Implicit in the garden of forking paths is the possibility that different researchers analysing the same data might follow different pathways and find different results. This has repeatedly been shown to be the case (e.g. Silberzahn et al. 2018, Botvinik-Nezer et al. 2020, Breznau et al. 2022): multiple teams of analysts analysing the same dataset to test the same hypotheses obtain different results, including finding significant effects in opposite directions. B&GN’s finding that they cannot always reproduce the conclusions of existing analyses is therefore entirely expected. Unfortunately there are reasons to suspect these problems might be particularly acute and intractable in typology, more so than in experimental psychology.
First, quantitative typology involves complex data and complex analyses, requiring many decisions on data preprocessing and analysis; this is precisely where we should expect the greatest scope for analytic flexibility, and therefore the greatest potential for divergence and uncertainty. Second, while experimentalists can usually collect more data relatively easily, typologists cannot: their data are time-consuming to obtain (involving painstakingly-obtained expert linguistic knowledge) and inherently limited (there are only so many languages in the world). This might mean that there is unresolvable uncertainty around conclusions that can be drawn from typological datasets.

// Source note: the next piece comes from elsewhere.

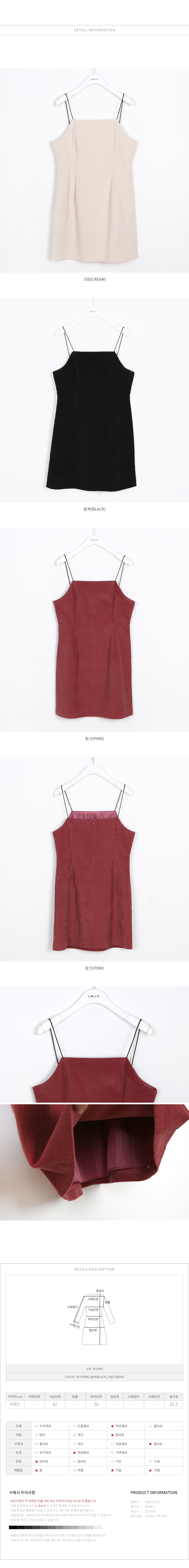![]() "쥬니 골덴원피스" COMMENT 면 100% 골덴으로 매력적인 미니 원피스 소개해드려요:) 얇은 어깨 끈으로 제작되어 거슬림 없이 착용이 가능하며, 여리여리한 무드를 더해드려요! 앞판의 절개선으로 허리라인을 살짝 잡아주며, 그 아래는 에이라인으로 떨어져서 체형커버도 도?드립니다! 전체적으로 안감이 마련되어 있어 부드러운 느낌으로 착용감도 좋답니다! 뒷지퍼로 클로징을 도와주며, 핑크,크림,블랙 컬러로 준비되어 있으며 핑크컬러는 여성스럽고 화사한 느낌을, 크림컬러는 부드러운 느낌을, 블랙컬러는 시크하고 베이직하게 코디하기도 좋답니다! COLOR 핑크(pink),블랙(black),크림(cream) FABRIC 면100% SIZE TIP ?슴42 허리38 밑단51 총장81.5 프리사이즈로 44~마른66 고객님께 잘 맞으실 것 같아요. 트위 모델(키:162)이 착용했을 때 허벅지 중간까지오는 기장감이였어요. (재는 위치 및 재봉과정에 따라 오차가 있을 수 있습니다) *모든의류의 첫 세탁은 드라이크리닝 또는 찬물 손세탁을 해주시는게 좋아요* ![]() ![]() ![]() ![]() ![]() ![]() ![]() ![]() |

If one’s goal is primarily to document constraints on cross-linguistic variation then this is obviously deeply troubling. However, if the central interest is the cognitive and interactional mechanisms responsible for those constraints – what it is about the way languages are learned, used and transmitted that leads to convergent cultural evolution on recurring constellations of linguistic features (see e.g. Haspelmath 2019, 2021) – then this uncertainty may be less problematic than it first appears, since we should in any case be running controlled experiments to test hypotheses about those mechanisms.
B&GN (Becker and Guzmán Naranjo 2025) refer to experimental approaches briefly in a footnote as “triangulation”, “the combination of different empirical approaches to study the same phenomenon in order to test how robust results are across methods and to, ideally, find converging evidence”. I think the value of experimental work lies not in providing some additional data from another source, but a fundamentally different kind of data which allows us to test cognitive and interactional mechanisms hypothesised to be responsible for potential universals. Being observational, no matter how rigorously conducted, analyses of typological data cannot speak to those causal mechanisms. However, the observational data from typology is a rich source of potential hypotheses about mechanisms shaping linguistic systems, which can subsequently be tested in controlled experiments that can go beyond correlation and speak to causality.
This is a standard model in many disciplines, and will be familiar from medical research, where observational studies suggesting an association between a condition and potential risk factors lead to hypotheses about causal mechanisms which are then tested in randomized controlled trials. But the approach is quite general, and there are already successful examples of this combined approach in typology. For instance, in a series of studies testing learning-based explanations for Greenberg’s (1963) observations about word order in the noun phrase, Culbertson and colleagues find that artificial languages with cross-linguistically frequent word orders are easier to learn (e.g. Culbertson et al. 2012; Culbertson and Adger 2014), even for people whose first language violates the relevant universal (Culbertson et al. 2020; Martin et al. 2024). Pleasingly, these studies feature universals in the same domain as B&GN’s first case study, where there is the least disagreement between the original and replication analysis. Other work from our group has explored the role of learning and efficient communication in accounting for fundamental design features shared by all human languages (e.g. compositionality, combinatoriality, Zipf’s law of abbreviation: Kirby et al. 2015; Verhoef et al. 2014; Kanwal et al. 2017; see K. Smith 2022 for review), as well as hypotheses about mechanisms accounting for recurring diachronic processes such as regularisation (Smith et al. 2023), obligatorification (Fehér et al. 2019), and grammaticalisation (Kapron-King et al. under review, 2025).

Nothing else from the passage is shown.